:: Provided data ::
◇ ◇ ◇ ◇ ◇
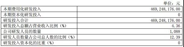 2017年,生益科技研发投入4.69亿,占营业收入的4.36%。详情如下表所示:
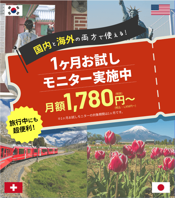 現地到着後に端末の電源を入れていただくだけで、事前手続きなくご利用いただけます。
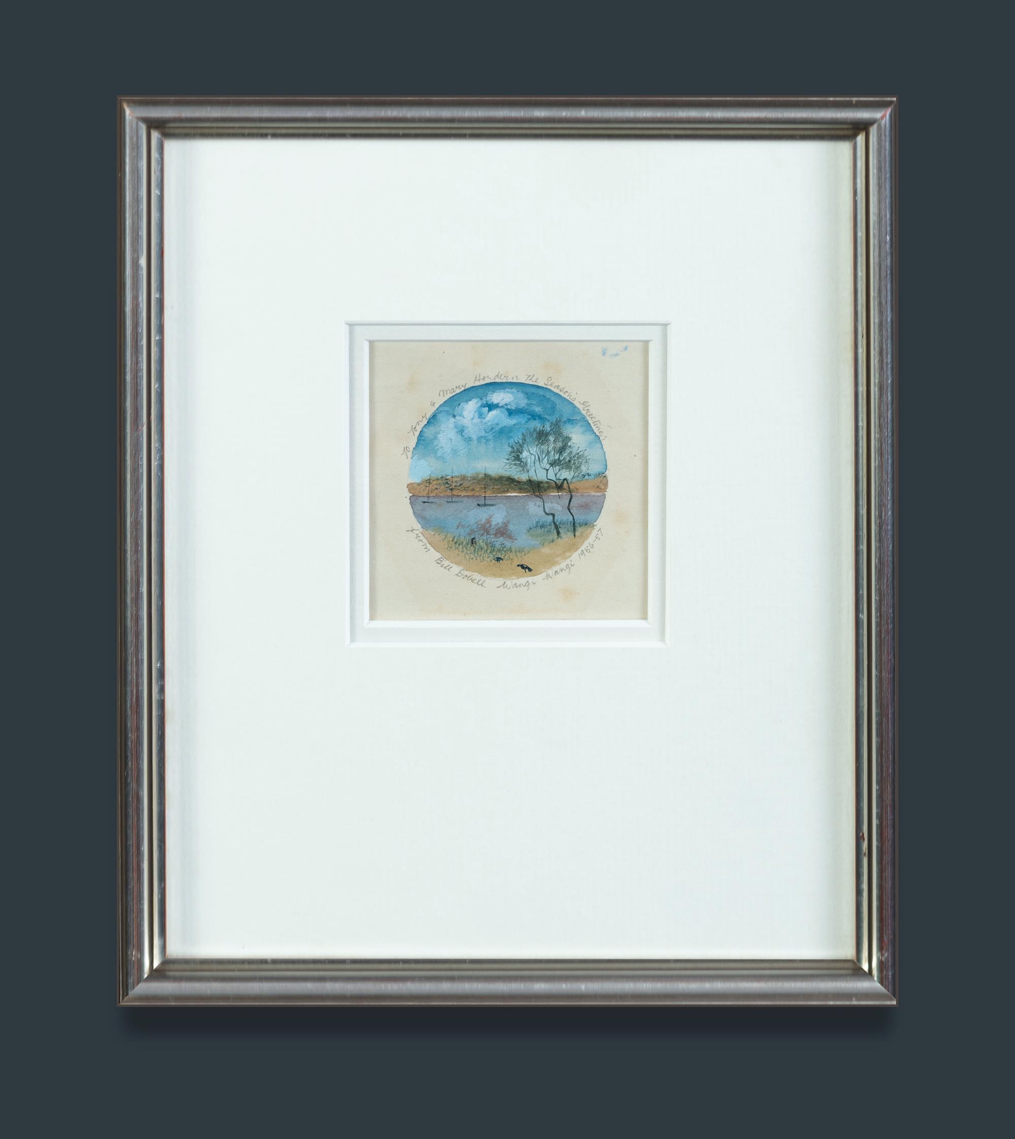 DOBELL, William (1899-1970) Christmas Card - Wangi Wangi, 1956-57. Signed and inscribed in pencil. Gouache 7x7cm (sight), Dia.5cm (image) PROVENANCE: Family of the artist. EXHIBITIONS: 'Dobell in Lake Macquarie,' 19th August - 17th September 1995, Lake Macquarie City Art Gallery, cat #24.Estimate $600-900
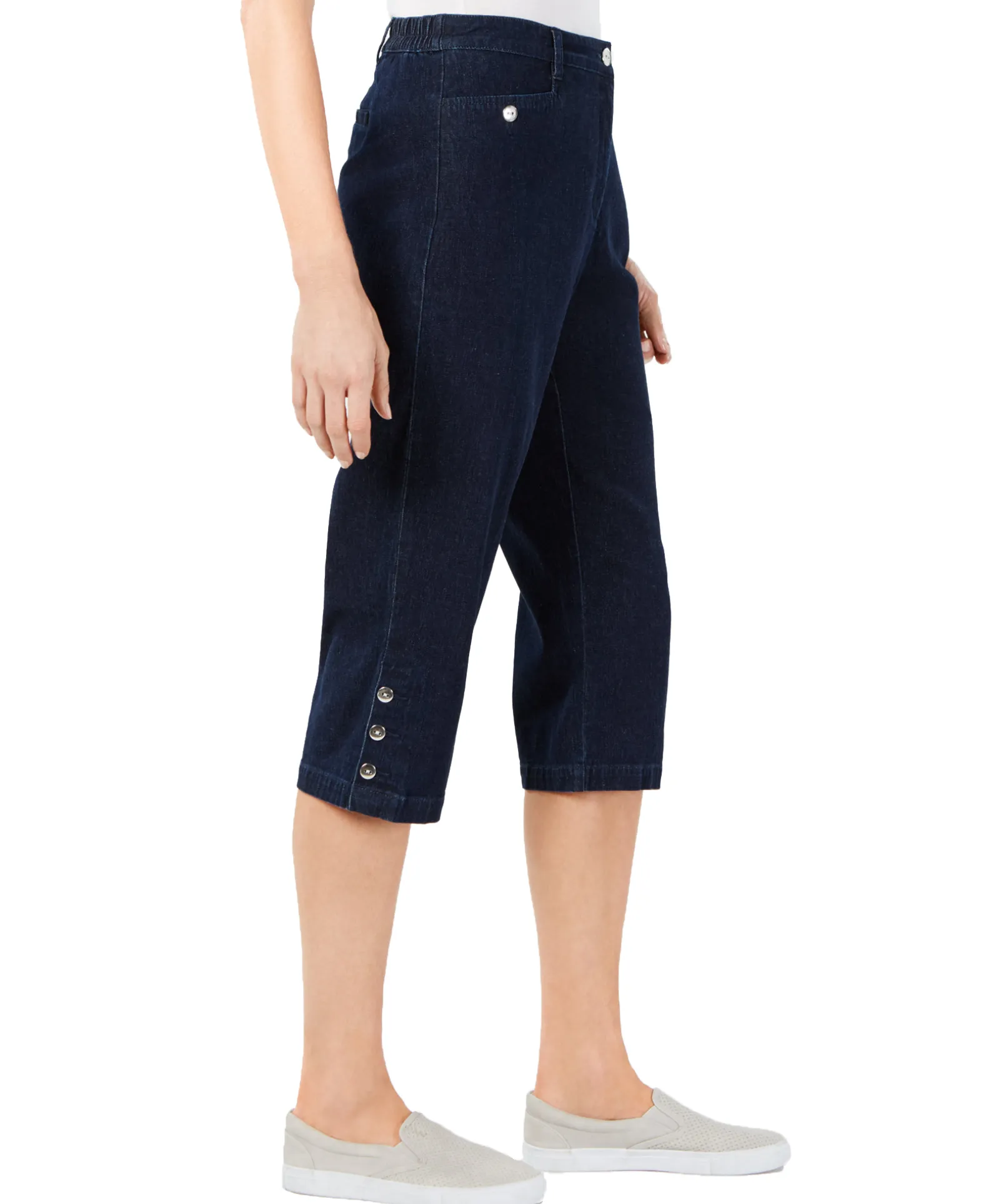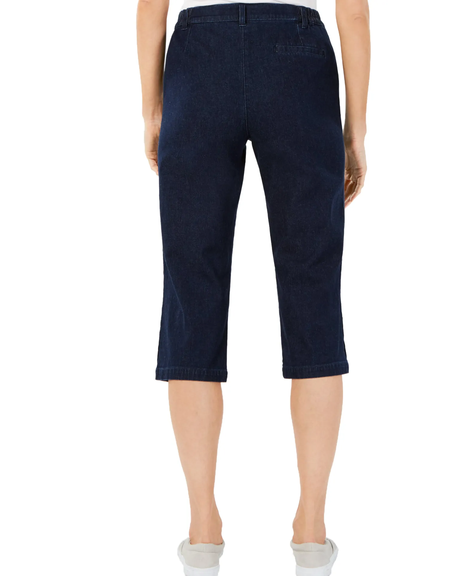 Classic Capri styling lends a polished look to this pair of denim cropped-hem petite pants from Karen Scott.
◇ ◇ ◇ ◇ ◇
:: Problem requirements ::
Pictures stay out; print everything else in the data exactly.

:: Response to this task ::
 2017年,生益科技研发投入4.69亿,占营业收入的4.36%。详情如下表所示:
 現地到着後に端末の電源を入れていただくだけで、事前手続きなくご利用いただけます。
 DOBELL, William (1899-1970) Christmas Card - Wangi Wangi, 1956-57. Signed and inscribed in pencil. Gouache 7x7cm (sight), Dia.5cm (image) PROVENANCE: Family of the artist. EXHIBITIONS: 'Dobell in Lake Macquarie,' 19th August - 17th September 1995, Lake Macquarie City Art Gallery, cat #24.Estimate $600-900
 Classic Capri styling lends a polished look to this pair of denim cropped-hem petite pants from Karen Scott.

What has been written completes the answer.